MeSH Keywords: Alzheimer Disease; Cholinesterase Inhibitors; Dementia; Event-Related Potentials, P300; Neurobehavioral Manifestations; Neuropsychological Tests
Background
Alzheimer disease (AD) is a chronic progressive neurodegeneration that accounts for up to 70% of cases of dementia in the elderly population [1,2]. Due to aging of the population, the worldwide prevalence of AD is increasing rapidly and is estimated to reach 106.8 million by the year 2050 [1–3]. At present there is no treatment to stop or at least slow its progression, although some ChE inhibitors (donepezil, rivastigmine, and galantamine) and modulator of glutamatergic NMDA receptors memantine exhibit temporary symptomatic efficacy improving cognitive dysfunction and activities of daily living (ADL) in some patients. No new symptomatic medication for AD has been approved since 2004 [4]. Disease-modifying treatment (DMT) of AD is not available at all. None of the clinical trials with proposed DMTs were successful so far. The failure of high-profile clinical trials of DMTs in AD has several lessons to teach: 1) reliable diagnosis is needed in very early stages of AD (MCI or even pre-clinical AD); 2) pathophysiology of AD is poorly understood, and proposed DMTs may be missing the relevant target; and 3) changes over time in behavioral measures (cognitive function and activities of daily living) do not necessarily follow the changes in basic neurobiological processes, underlying the symptoms of AD. While behavioral measures (cognitive function and ADL) still remain the primary efficacy measures in clinical trials of DMT for AD, there is an urgent need for biological markers able to reflect the dynamics of basic pathophysiologic processes underlying the decline of cognitive function. Several such biological methods are available, including testing of cerebro-spinal fluid (CSF) for amyloid-beta and tau-protein, positron-emission tomography (PET) imaging techniques for amyloid burden in the brain [4], and measures of brain atrophy using MRI volumetry. These methods are expensive (PET and MRI), often of an invasive nature (e.g., testing of CSF markers), and have only low-to-moderate sensitivity and specificity [5].
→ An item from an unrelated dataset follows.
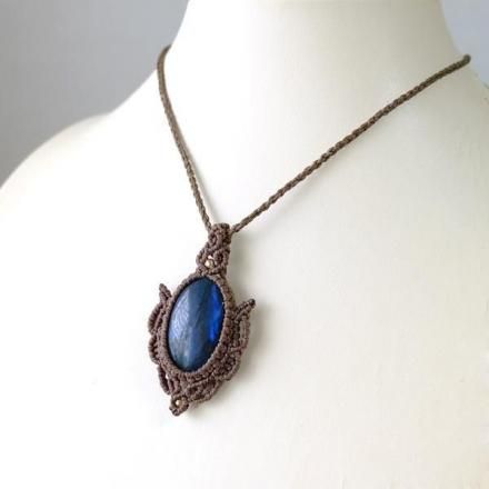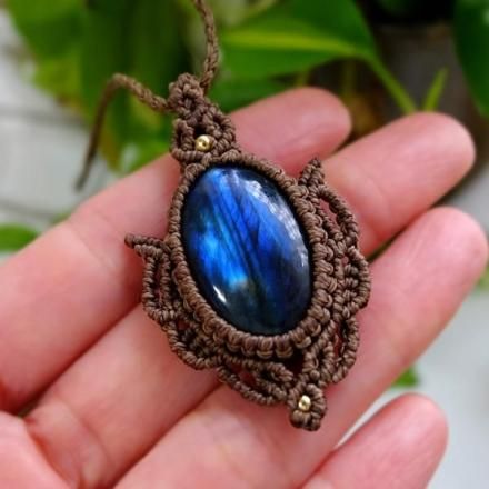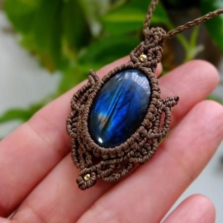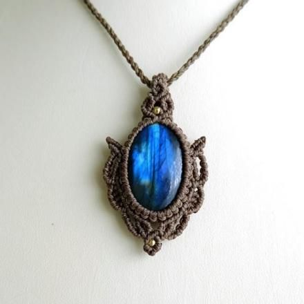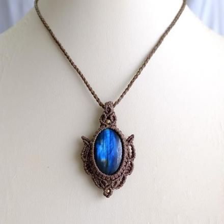 見る角度や光の角度で、石の表面に力強く艶やかに輝くブルーシラー(ラブラドレッセンス)が魅力的で美しいマダガスカル産ラブラドライトのマクラメ編みペンダントです。良質なラブラドライトを落ち着きのある色合いのコードで丁寧に編み込み、胸元を印象的に彩る1点ものマクラメ編みアクセサリーに仕上げました。

Electrophysiological measures, such as cognitive event-related potentials (ERPs), are also used as an objective biological measure of changes in the brain functioning in AD patients. It is an attractive method since it directly reflects electrophysiological changes due to AD and is easily accessible and cost-effective [5].
Early components of auditory ERPs (N100 and P200) are considered to reflect sensory processing and are not usually useful for the diagnosis or follow-up in AD [6], whereas later subcomponents (N200 and P300) reflect cognitive processes and can be useful in monitoring of electrophysiological functioning related to cognitive impairment.
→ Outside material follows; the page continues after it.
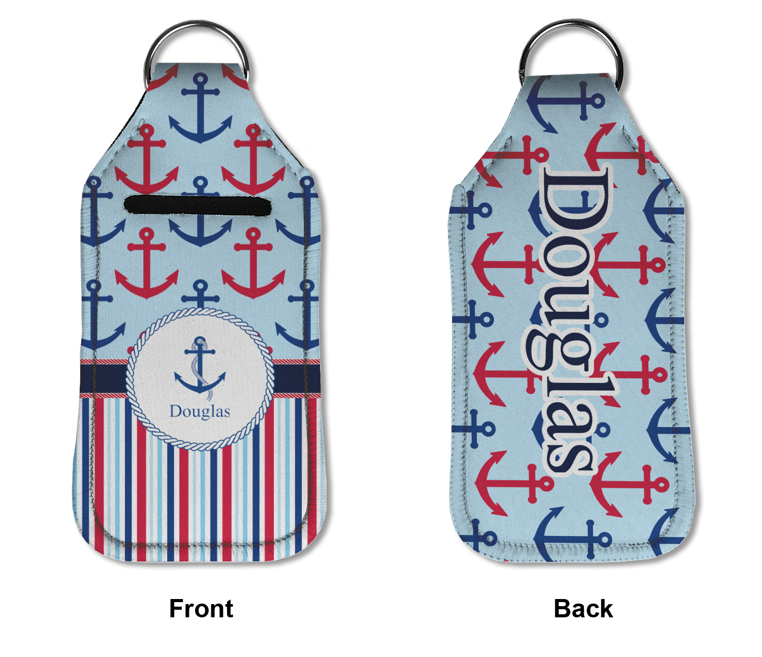 Each hand sanitizer holder comes with its own empty travel-sized, refillable hand sanitizer sure to fit snug in your customized sanitizer case! Our hand sanitizer cases are a durable, yet soft neoprene material sure to last any daily activities or travel agenda. Customize and personalize a hand sanitizer bottle holder with one of our two sizes - small (4.25" x 2.25") or large (5.5" x 2.5"). Each travel sanitizer holder comes with a keyring for attachment on bags, keys, or more!

N200 subcomponent is generated in frontal-central cortical areas and it is thought to reflect processes of selective stimulus evaluation and conscious discrimination [5,7]. P300 wave is generated in various regions of the brain, mostly temporal and parietal cortices. It is associated with cognitive processes such as attention, recognition and categorization of the stimuli, working memory, and decision making [6,8,9].
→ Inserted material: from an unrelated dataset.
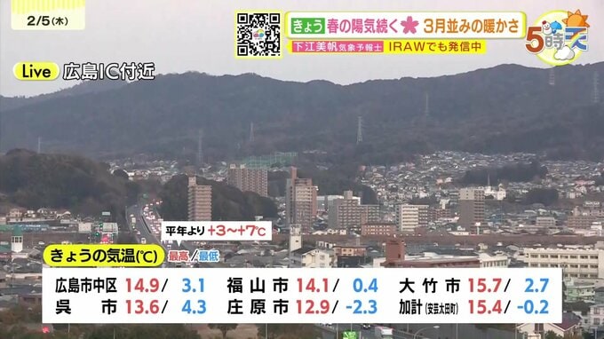 きょう2月5日(木)の広島県内は、午後ほど日差しが届き、春のようなぽかぽか陽気になりました。きょうも引き続き各地3月並の暖かさで、最高気温は、広島市中区で14.9℃ 大竹では15.7℃まで上がりました。

It is well established that P300 latency increases and its amplitude decreases in AD patients [10]. These changes in characteristics of P300 subcomponent correlate well with results of neuropsychological testing, i.e., degree of cognitive impairment [5,7]. P300 characteristics are also known to be affected by AD medications (cholinergic treatment). Centrally-acting cholinesterase inhibitors (ChEIs) reduce P300 latency in AD patients. These effects correlate with improvement of neuropsychological test results. P300 latency decreases in parallel with improvement of cognitive functions due to treatment with ChEIs [6,11–13].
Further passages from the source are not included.